Venezuela Crisis

The Venezuela crisis is deepening with passing time. European Union, Australia, US, New Zealand have recognised Juan Guaidó, the opposition leader as the president.
Juan Guaidó, the opposition leader, has said that President Nicolás Maduro is illegitimate and has asserted himself as Venezuela’s interim president.

What’s the crisis?

Both Juan Guaidó and Nicolás Maduro have debatable claims to legitimacy. As a result, the whole issue has become messy.
Venezuela has been grappling with crisis spiral for years with growing political discontent further fuelled by skyrocketing hyperinflation, power cuts and shortages of food and medicine. The recent crisis haunting Venezuela is Who is the President?

How did the Presidential Crisis begin?

On 23rd January the leader of the legislature, Juan Guaidó, declared himself acting president and said he would assume the powers of the executive branch from there onwards. This was a challenge to President Nicolás Maduro, who had been sworn into a second six-year term in office just two weeks previously. President Maduro condemned this as a ploy by the US to oust him.
Nicolás Maduro was first elected as President with a thin margin of 1.6 percentage votes in April 2013 after the death of his predecessor, Hugo Chávez.
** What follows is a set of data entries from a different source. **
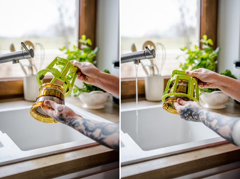 Легко мыть. Соковыжималку можно очищать водой при включенном двигателе - без разборки. Это уникальное преимущество может использоваться, когда необходимо выжать сок из разных продуктов, один за другим, чтобы их вкусы и цвета не смешивались.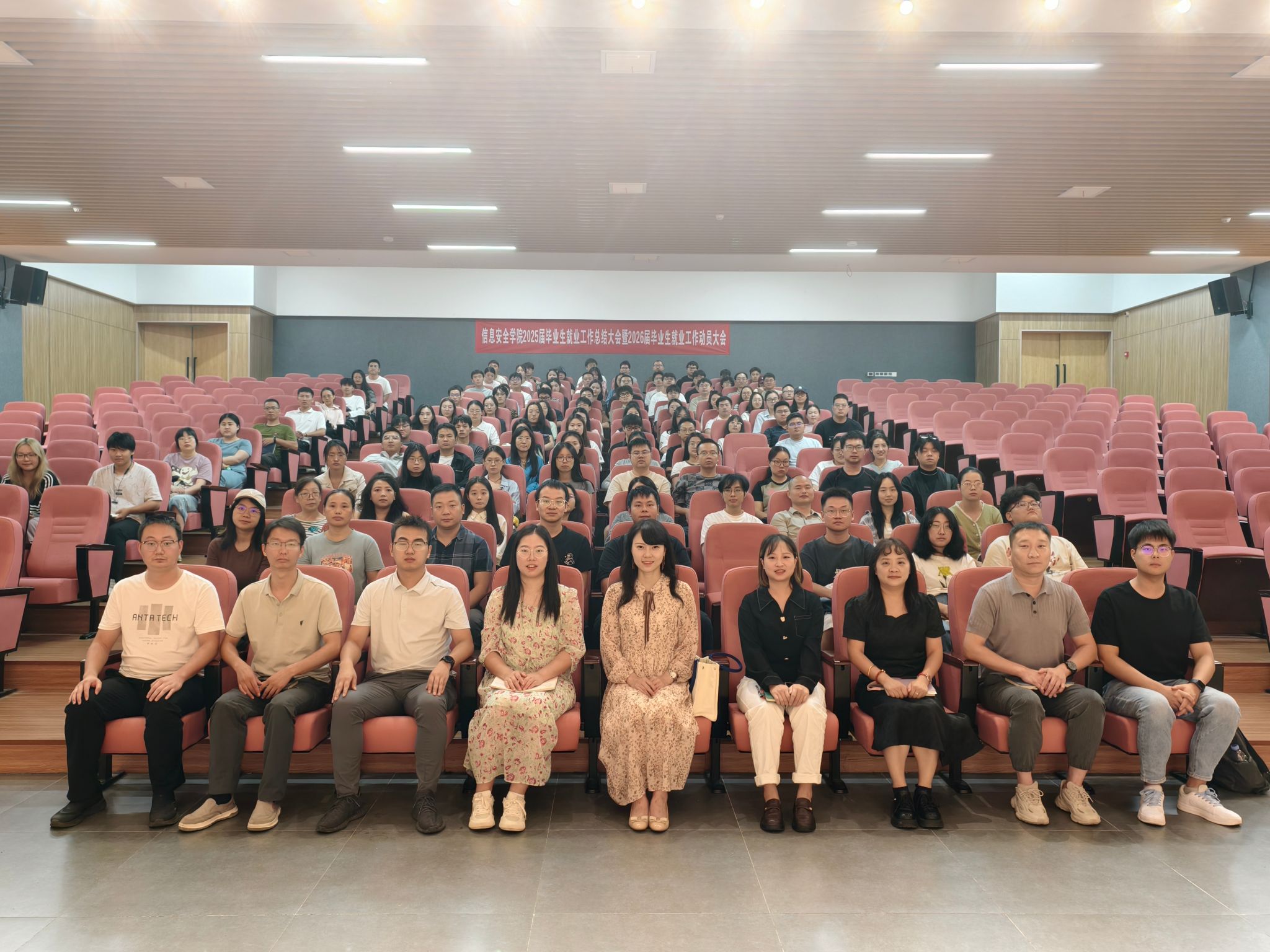 2025年9月24日12:30-13:30,信息安全学院在贤者楼131教室召开了2025届毕业生就业工作总结会暨2026届就业工作动员会,院长王宁、党总支副书记尹金维、代理教学副院长周小艳、党总支专职副书记田海燕,其他主要领导成员,以及2026届毕业生异科导师、毕业论文指导老师、辅导员参会。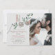 This modern floral photo wedding invitation features a clean split layout with a large personal photo on the right and elegant rose illustrations paired with the couple’s initials on the left. Accented in dusty rose and greenery, it’s both fresh and romantic—ideal for couples who want to make a meaningful first impression with simplicity and warmth.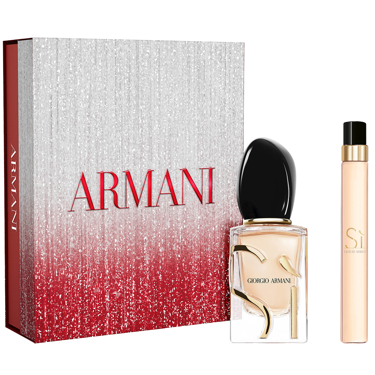 Ainutlaatuisella lasinvalmistustaidolla valmistettu jalokivipulloa koristaa kultainen Sì-logo, joka on kohokuvioitu lasiin. Se on voimakas julistus, joka kutsuu jokaisen naisen sanomaan Sì. Arvokas pullo on suunniteltu kestämään, ja se on uudelleentäytettävä ja kierrätettävä. Tämä Sì Eau de Parfum naisten lahjapakkaus sisältää 30ml tuoksun ja 10ml tuoksun.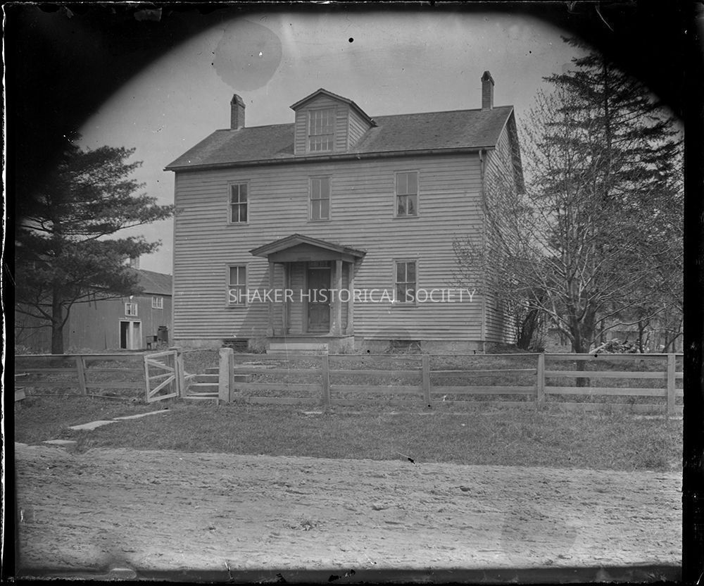 Glass plate negative showing a southwest view of the Center Family's office of the North Union Shaker Village on Lee Road. The shed at Lee Road and South Park Boulevard is visible on the left.Photograph Details

Nicolás Maduro was re-elected to the office of president for a second six-year term in highly controversial elections in May 2018, which most opposition parties boycotted.
After being re-elected Nicolás Maduro announced that announced he would serve out his remaining first term and only then be sworn in for a second term.
The National Assembly leader Juan Guaidó argues that because the election was not fair. Articles 233 and 333 of Venezuela’s constitution empower the head of the National Assembly takes over as acting president under such circumstances. Juan Guaidó has staked the claim to be the acting president, as he was the head of the legislature.